Beside him on the seat was Paul the footman, a relatively new arrival to Mr. Devon St. John's rather considerable staff. Paul was inclined to agree with John the coachman. "Dark, it is. It fair makes me shiver in me boots. Are ye sure we've come to the right place?"
"Mr. St. John said to go to Kilkairn Castle and to Kilkairn Castle we've come." The coachman shook his head disgustedly. "Though to tell ye the truth, I think Mr. St. John has bumped his noggin."
"Why do ye think that?"
"Just look at the facts. First he leaves his own brother's weddin' afore it even begins and then he orders us to bring him here, drivin' through godforsaken rain fer days on end. And when we do get to this lumbering pile of stone, there's nary a light on!" He sourly regarded the bleak building in front of them. "Looks deserted and hainted by ghosties, if I ain't mistaken."

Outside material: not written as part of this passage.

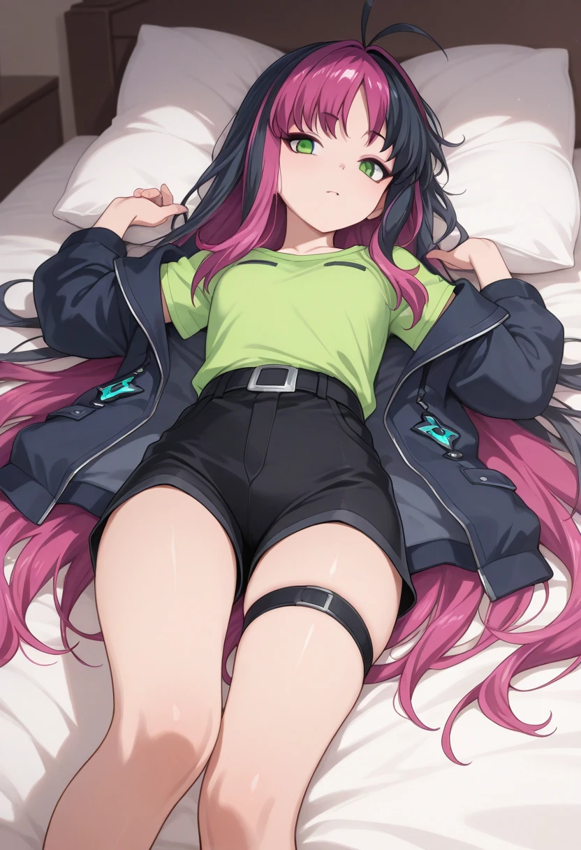 Trigger Words: sinclair hina (shadowverse flame), long hair, purple hair, black hair, multicolored hair, green eyes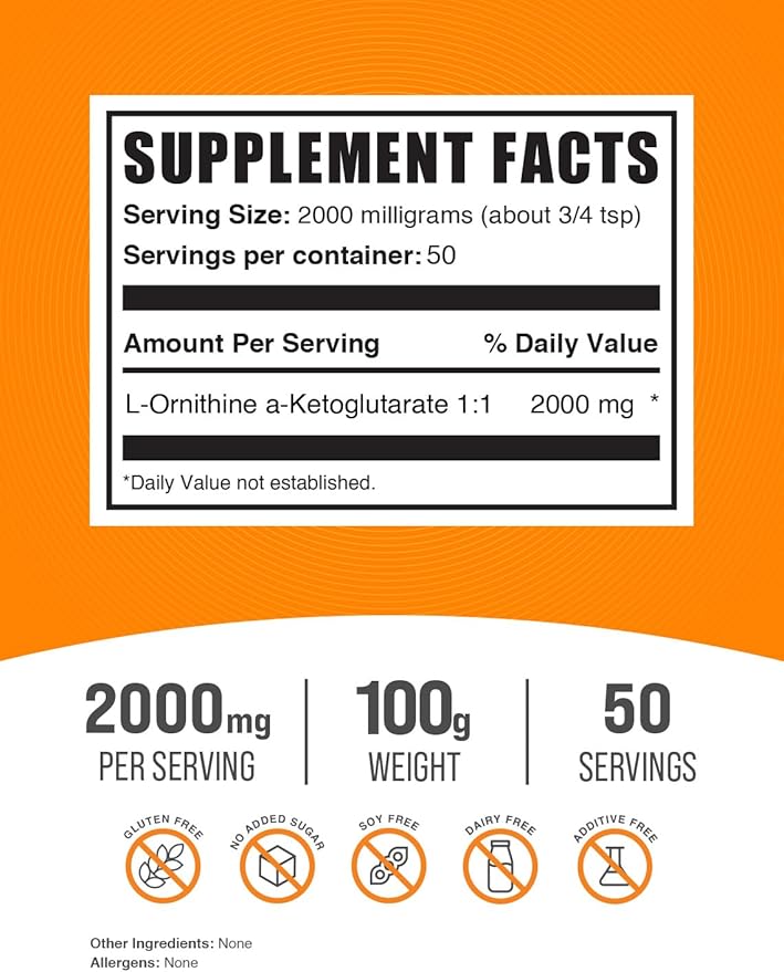 - Maximize your Potential: Enhance your active lifestyle with our L-Ornithine Alpha-Ketoglutarate powder, designed to support your strength and performance goals. Each serving delivers a substantial 2000mg dose, catering to both fitness enthusiasts looking to push their limits.

Paul stood, stealing yet another glance at the dark edifice before them. While he wasn't a great believer in ghosties, the castle definitely left him with an uneasy, spine-tingling sensation that was as unnerving as the constant pour of rain.
Biting back a sigh, Paul made his way down from the seat, landing in a huge puddle of muck that sank his wet boots up to his ankles. "The drive's a rank mess."
"I only hopes they've a barn, though I daresay it is as leaky as a sieve, judging from the looks of things. Didn't they knowed we was comin'?"
"They was tol'. I posted the letter for Mr. St. John meself." Paul tugged his hat lower, though it was so wet it no longer protected him from anything the elements had to offer. He hoped the owner of the castle was not as ramshackle as his edifice and had a place prepared for them all.
Holding this warming thought in place, the footman trudged back to open the door for his master, stopping to collect a lantern from a side hook. It took a while to get the blasted lamp lit.
He carried the lantern to the door and hung it on a hook there, the golden pool of light greatly diminished by the weather. He tugged on the door handle, opened it, and then let down the steps.